Most companies with a practical response to incidents like these, will have experienced a couple of days monitoring black spot at most. With well trained monitoring engineers ready to respond to the update requirements and following the clear and concise instructions from SolarWinds, it is easy to see that when a risk appears, SolarWinds can handle it.

Most importantly SolarWinds have clearly learned from this already and the holes in their infrastructure will be tightly sealed.

SolarWinds didn’t have time to comment against these spurious claims on social media because they were busy making things better. Finding fixes. Fighting not only the pandemic but an unknown large, organised group of hackers, who have repeatedly attacked other organisations over the last few years.

We will all be worse off if we let these hackers destroy SolarWinds. It is not just a Software company, it’s a creative solution provider that allows myself and thousands of others to provide peace of mind, understanding and clarity to infrastructures all over the world.
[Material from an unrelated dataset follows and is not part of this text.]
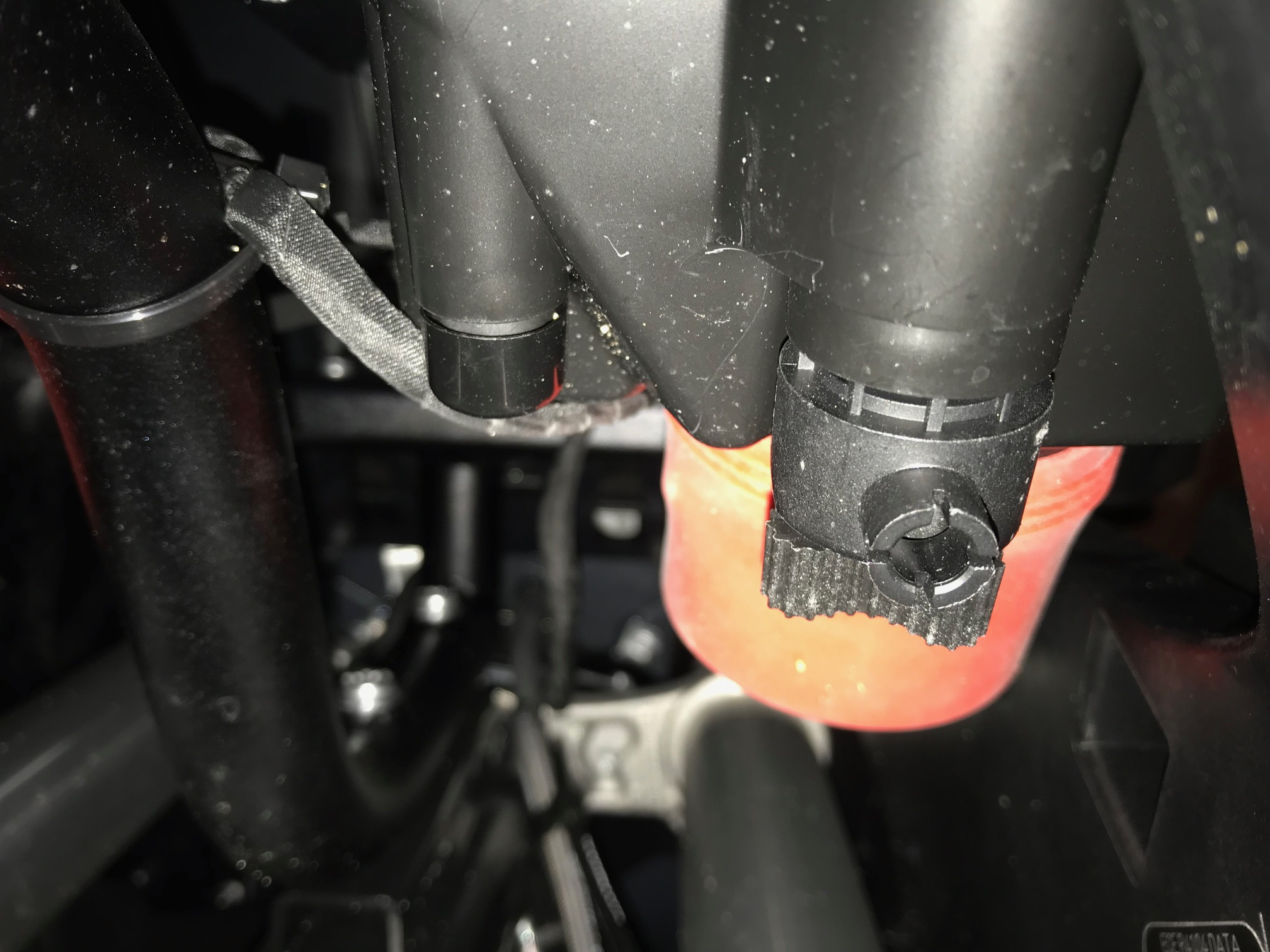 Die LED-Lampen sind leider durch den Kühlkörper nebst aktivem Ventilator natürlich deutlich länger als die originalen Halogenstifte, so das die Staubkappe nicht mehr draufpasste. Da ich keine Lust hatte die originalen Kappen zu zerschneiden, bin ich in der Bucht fündig geworden, und habe der BMW 2 Gummi-Mostkappen in 65mm Durchmesser verpasst, diese passen auch absolut perfekt auf die Lampe.

Some of the most humble and knowledgeable people work for and with SolarWinds products. You can tell if you chat with them how enthusiastic they are and in demand the products are. Listening to and being a part of the SolarWinds MVP group, during this crisis has been inspirational. Everyone pulling together on Slack and THWACK to rebuild and move on, with as little fuss as possible.

If you knock them down, they come back stronger… fighting.

We keep on making things better and improving the day jobs of literally millions of IT staff.

These hackers make it harder for everyone but we won’t let them win.